▸ **TASK PROMPT**
Could you give back every entry below exactly, with the pictures dropped?

(Items from a dataset)
"""
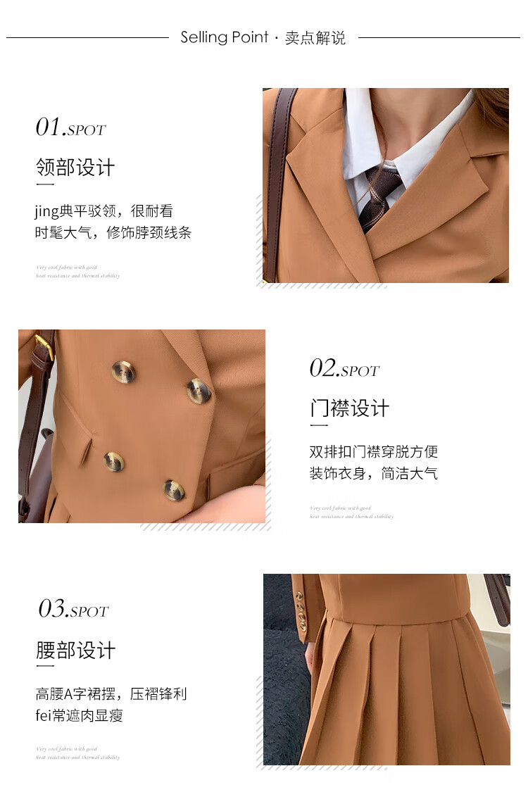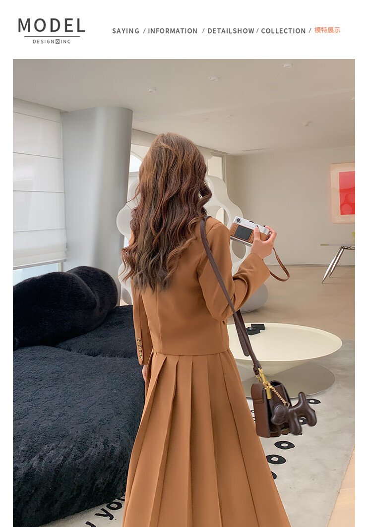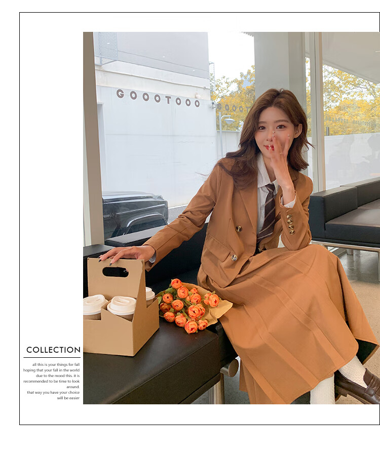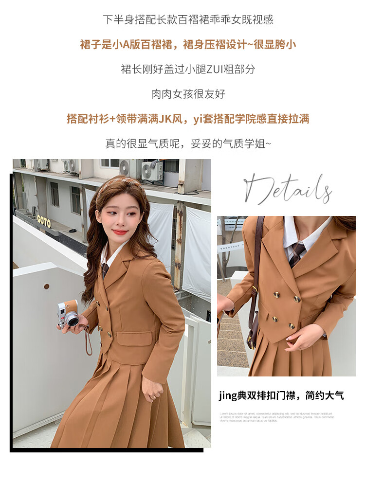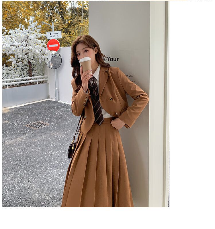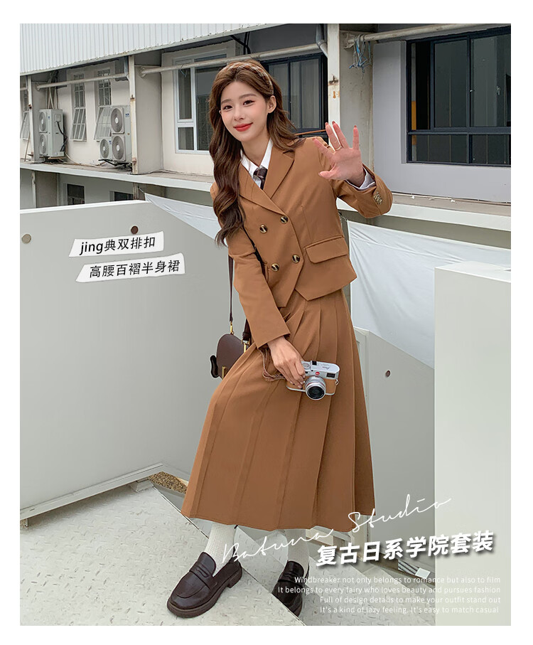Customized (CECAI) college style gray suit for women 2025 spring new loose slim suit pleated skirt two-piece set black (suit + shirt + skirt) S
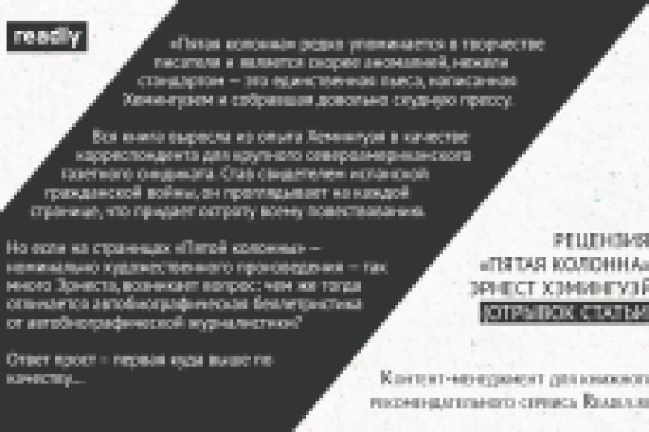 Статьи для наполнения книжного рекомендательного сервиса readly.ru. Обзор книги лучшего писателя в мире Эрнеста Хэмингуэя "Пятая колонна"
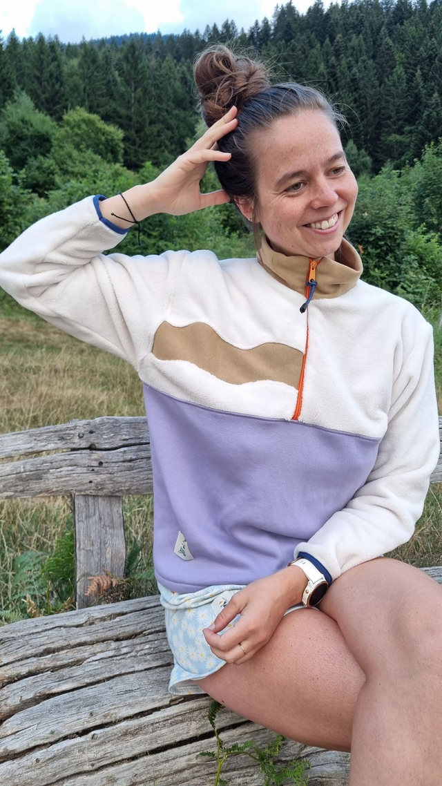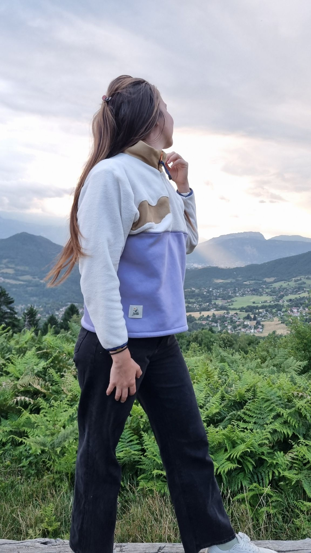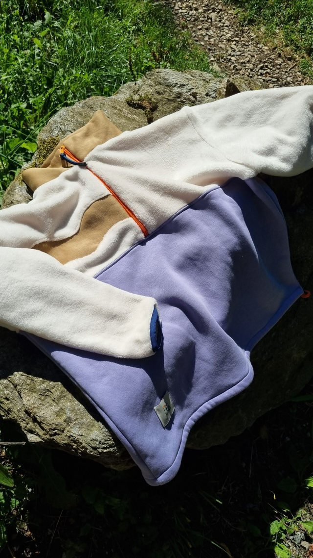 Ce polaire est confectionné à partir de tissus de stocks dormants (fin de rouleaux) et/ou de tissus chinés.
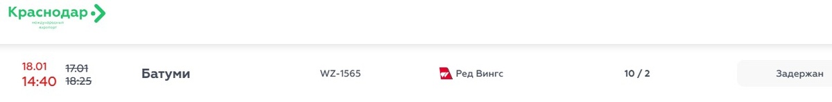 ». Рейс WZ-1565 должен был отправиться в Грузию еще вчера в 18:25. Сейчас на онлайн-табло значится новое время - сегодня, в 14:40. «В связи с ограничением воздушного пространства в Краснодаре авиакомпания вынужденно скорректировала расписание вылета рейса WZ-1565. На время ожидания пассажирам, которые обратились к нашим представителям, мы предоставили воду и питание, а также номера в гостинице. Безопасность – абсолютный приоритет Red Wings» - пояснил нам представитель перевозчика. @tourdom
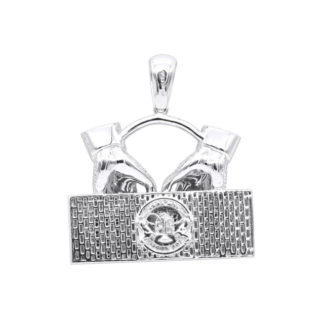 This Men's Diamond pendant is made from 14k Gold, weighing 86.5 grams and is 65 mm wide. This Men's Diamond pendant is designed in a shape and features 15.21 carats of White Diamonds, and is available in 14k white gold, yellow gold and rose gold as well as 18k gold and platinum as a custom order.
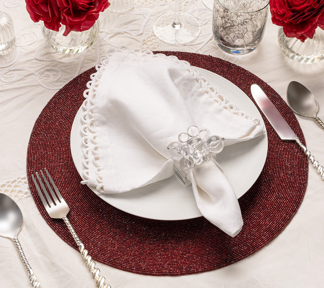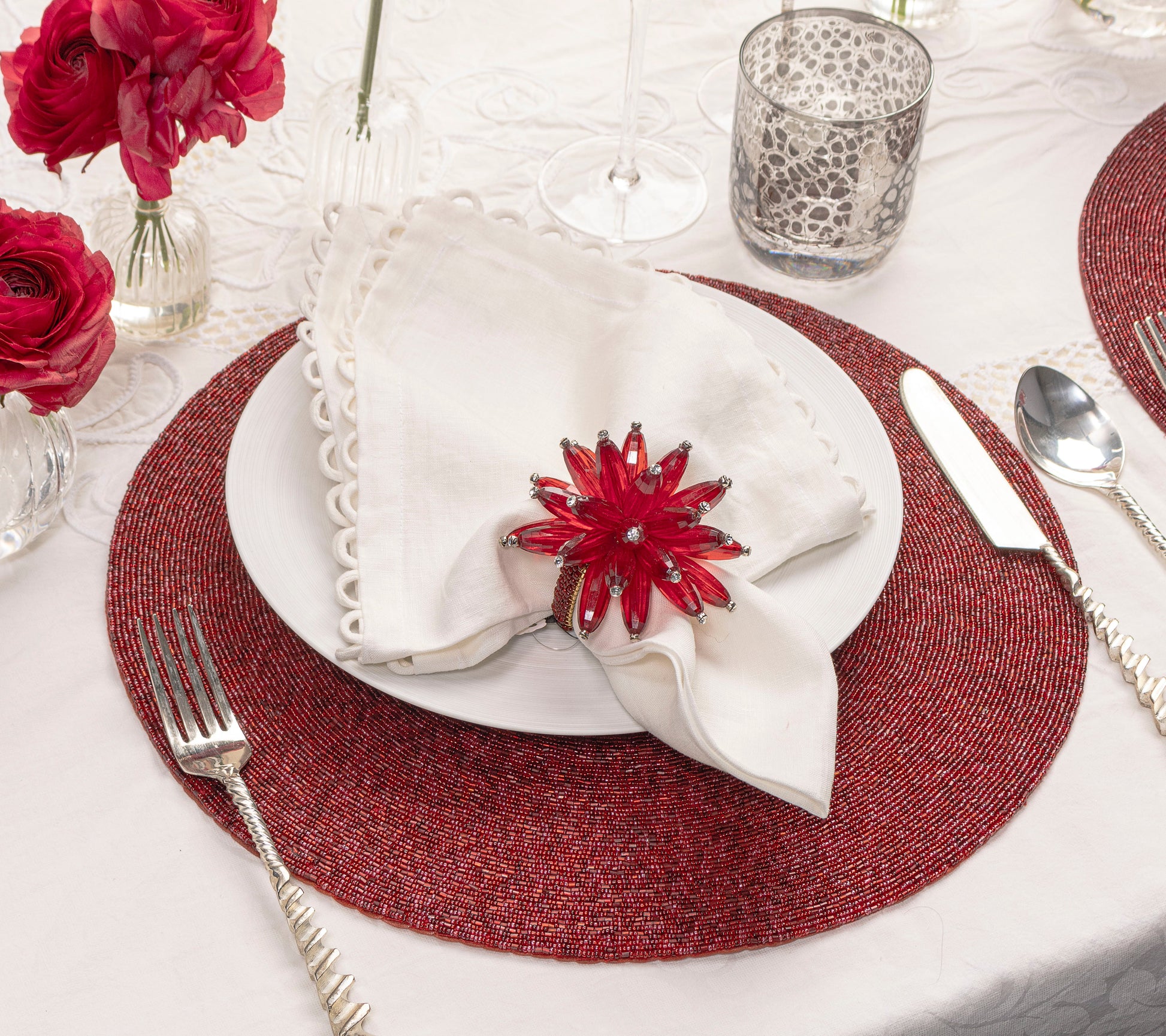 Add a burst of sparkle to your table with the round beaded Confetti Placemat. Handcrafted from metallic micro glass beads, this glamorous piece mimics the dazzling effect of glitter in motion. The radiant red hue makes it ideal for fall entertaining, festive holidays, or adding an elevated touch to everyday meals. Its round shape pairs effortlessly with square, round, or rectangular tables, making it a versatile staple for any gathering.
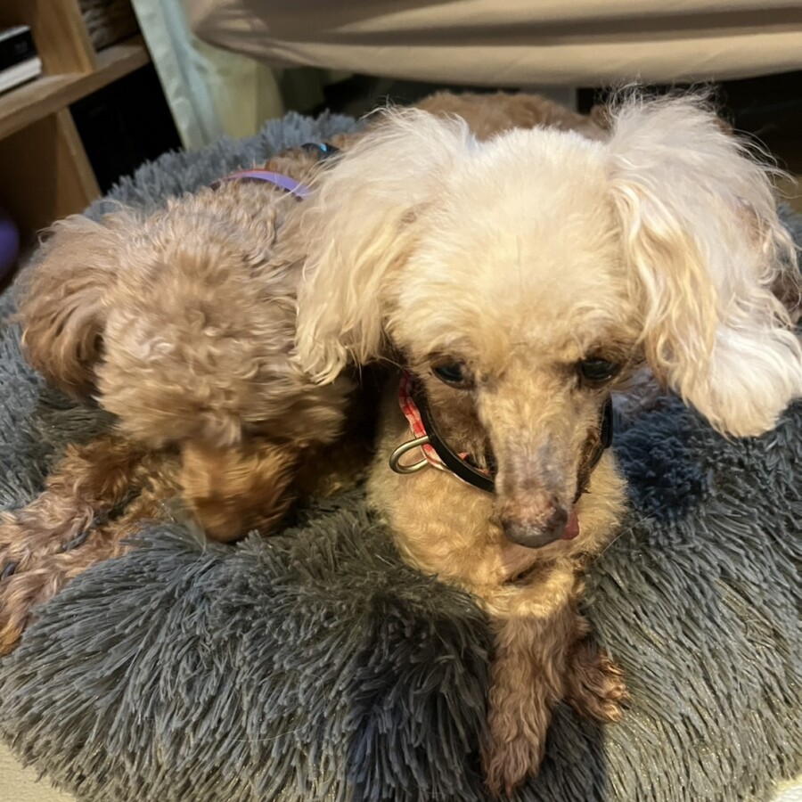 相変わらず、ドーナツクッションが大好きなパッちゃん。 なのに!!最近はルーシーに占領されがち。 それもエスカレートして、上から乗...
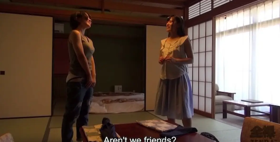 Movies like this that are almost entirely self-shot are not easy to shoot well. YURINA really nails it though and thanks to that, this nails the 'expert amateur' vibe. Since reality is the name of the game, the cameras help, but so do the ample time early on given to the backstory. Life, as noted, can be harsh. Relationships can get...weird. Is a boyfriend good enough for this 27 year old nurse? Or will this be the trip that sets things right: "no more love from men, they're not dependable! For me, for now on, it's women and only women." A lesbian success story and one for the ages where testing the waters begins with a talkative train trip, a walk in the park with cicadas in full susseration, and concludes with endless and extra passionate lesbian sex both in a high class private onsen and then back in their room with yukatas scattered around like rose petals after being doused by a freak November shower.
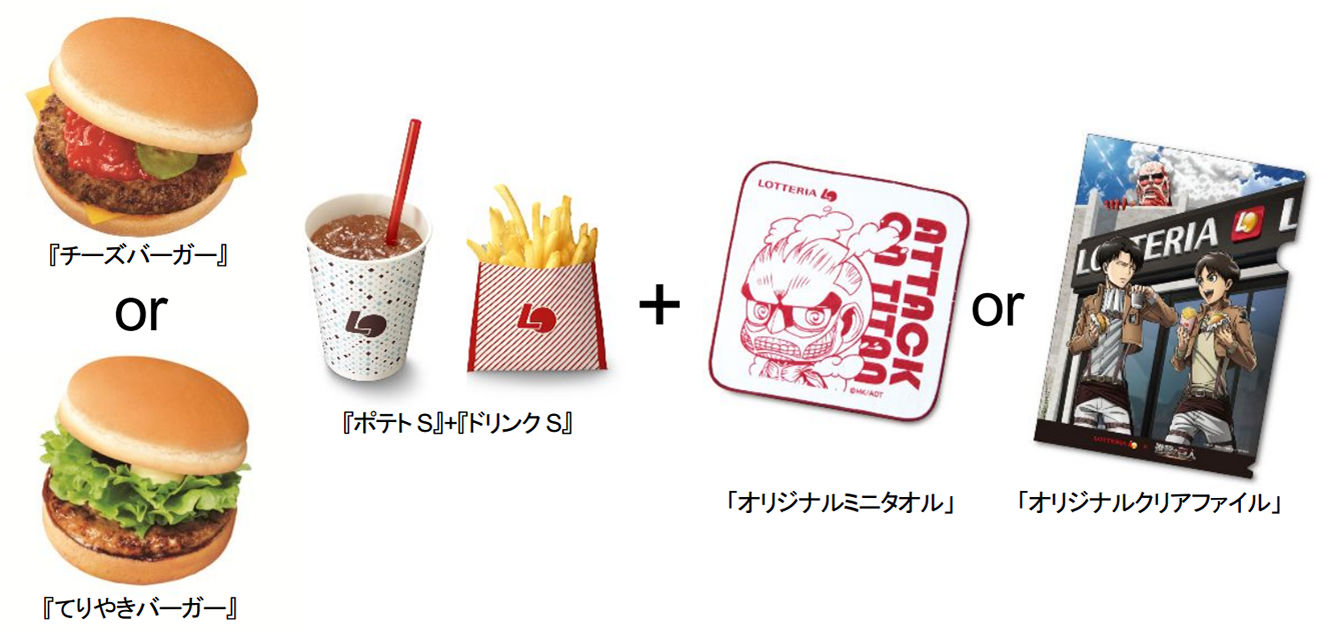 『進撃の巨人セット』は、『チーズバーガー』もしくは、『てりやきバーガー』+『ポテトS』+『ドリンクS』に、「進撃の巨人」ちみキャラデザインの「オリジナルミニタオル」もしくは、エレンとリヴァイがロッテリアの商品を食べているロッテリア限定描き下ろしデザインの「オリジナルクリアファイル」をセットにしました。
"""
▸ **REPLY TO THE EXERCISE**
Customized (CECAI) college style gray suit for women 2025 spring new loose slim suit pleated skirt two-piece set black (suit + shirt + skirt) S
 Статьи для наполнения книжного рекомендательного сервиса readly.ru. Обзор книги лучшего писателя в мире Эрнеста Хэмингуэя "Пятая колонна"
 Ce polaire est confectionné à partir de tissus de stocks dormants (fin de rouleaux) et/ou de tissus chinés.
 ». Рейс WZ-1565 должен был отправиться в Грузию еще вчера в 18:25. Сейчас на онлайн-табло значится новое время - сегодня, в 14:40. «В связи с ограничением воздушного пространства в Краснодаре авиакомпания вынужденно скорректировала расписание вылета рейса WZ-1565. На время ожидания пассажирам, которые обратились к нашим представителям, мы предоставили воду и питание, а также номера в гостинице. Безопасность – абсолютный приоритет Red Wings» - пояснил нам представитель перевозчика. @tourdom
 This Men's Diamond pendant is made from 14k Gold, weighing 86.5 grams and is 65 mm wide. This Men's Diamond pendant is designed in a shape and features 15.21 carats of White Diamonds, and is available in 14k white gold, yellow gold and rose gold as well as 18k gold and platinum as a custom order.
 Add a burst of sparkle to your table with the round beaded Confetti Placemat. Handcrafted from metallic micro glass beads, this glamorous piece mimics the dazzling effect of glitter in motion. The radiant red hue makes it ideal for fall entertaining, festive holidays, or adding an elevated touch to everyday meals. Its round shape pairs effortlessly with square, round, or rectangular tables, making it a versatile staple for any gathering.
 相変わらず、ドーナツクッションが大好きなパッちゃん。 なのに!!最近はルーシーに占領されがち。 それもエスカレートして、上から乗...
 Movies like this that are almost entirely self-shot are not easy to shoot well. YURINA really nails it though and thanks to that, this nails the 'expert amateur' vibe. Since reality is the name of the game, the cameras help, but so do the ample time early on given to the backstory. Life, as noted, can be harsh. Relationships can get...weird. Is a boyfriend good enough for this 27 year old nurse? Or will this be the trip that sets things right: "no more love from men, they're not dependable! For me, for now on, it's women and only women." A lesbian success story and one for the ages where testing the waters begins with a talkative train trip, a walk in the park with cicadas in full susseration, and concludes with endless and extra passionate lesbian sex both in a high class private onsen and then back in their room with yukatas scattered around like rose petals after being doused by a freak November shower.
 『進撃の巨人セット』は、『チーズバーガー』もしくは、『てりやきバーガー』+『ポテトS』+『ドリンクS』に、「進撃の巨人」ちみキャラデザインの「オリジナルミニタオル」もしくは、エレンとリヴァイがロッテリアの商品を食べているロッテリア限定描き下ろしデザインの「オリジナルクリアファイル」をセットにしました。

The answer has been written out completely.